Anthem Properties Group, through the Anthem Citizen Real Estate Development Trust (REDT), has successfully closed on the first Canadian initial public offering of its kind on its 66-storey, mixed-use development, Citizen, based in Burnaby, BC (by way of an offering of units of Anthem Citizen Real Estate Development Trust) (the “IPO”)).
The IPO reached its $82M CDN target raise. Anthem worked on this offering with CIBC Capital Markets, who acted as sole agent and has a successful track record of completed real estate development IPOs for US assets.
“The completion of this financing is a win for the Anthem team on many fronts,” said Anthem Core-Founder & CEO, Eric Carlson. “It enables access to housing units for our community, including much-needed market and affordable rentals, in an architecturally significant, multi-use 66 storey tower, which represents innovation by the City of Burnaby when it comes to land use. Financially, the IPO of a single asset Mutual Fund Trust is a creative and unique solution to raise the capital required to make this project happen.”
With a mix of market, rental and affordable homes, anchored by a hotel and supported by retail space, Citizen is anticipated to be a premier destination in Metrotown, Burnaby. Anthem has a productive and positive working relationship with the City of Burnaby, which is eager to create great spaces that encourage residents and businesses to choose their city to call home. The project has rezoning approvals and entitlements completed, and construction is underway.

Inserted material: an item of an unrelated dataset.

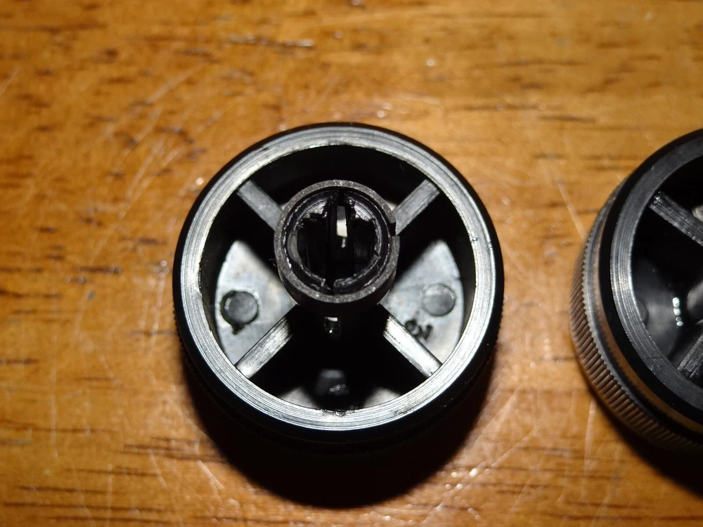 Two knobs from Fisher 28 turntable. 1-1/8" diameter. Good condition. Picture show actual items for sale. Thanks for looking!

Background on the IPO including investor materials and past REDT press releases can be found at www.citizenbyanthemdevtrust.com
This press release does not constitute an offer to sell or the solicitation of an offer to buy securities of the REDT in the United States, nor shall there be any sale of the securities of the REDT in any jurisdiction in which such offer, solicitation or sale would be unlawful. The securities described herein have not been and will not be registered under the United States Securities Act of 1933, as amended (the “1933 Act”), and may not be offered or sold within the United States unless registered under the U.S. Securities Act and applicable state securities laws or pursuant to exemptions from the registration requirements of the U.S. Securities Act and applicable state securities laws.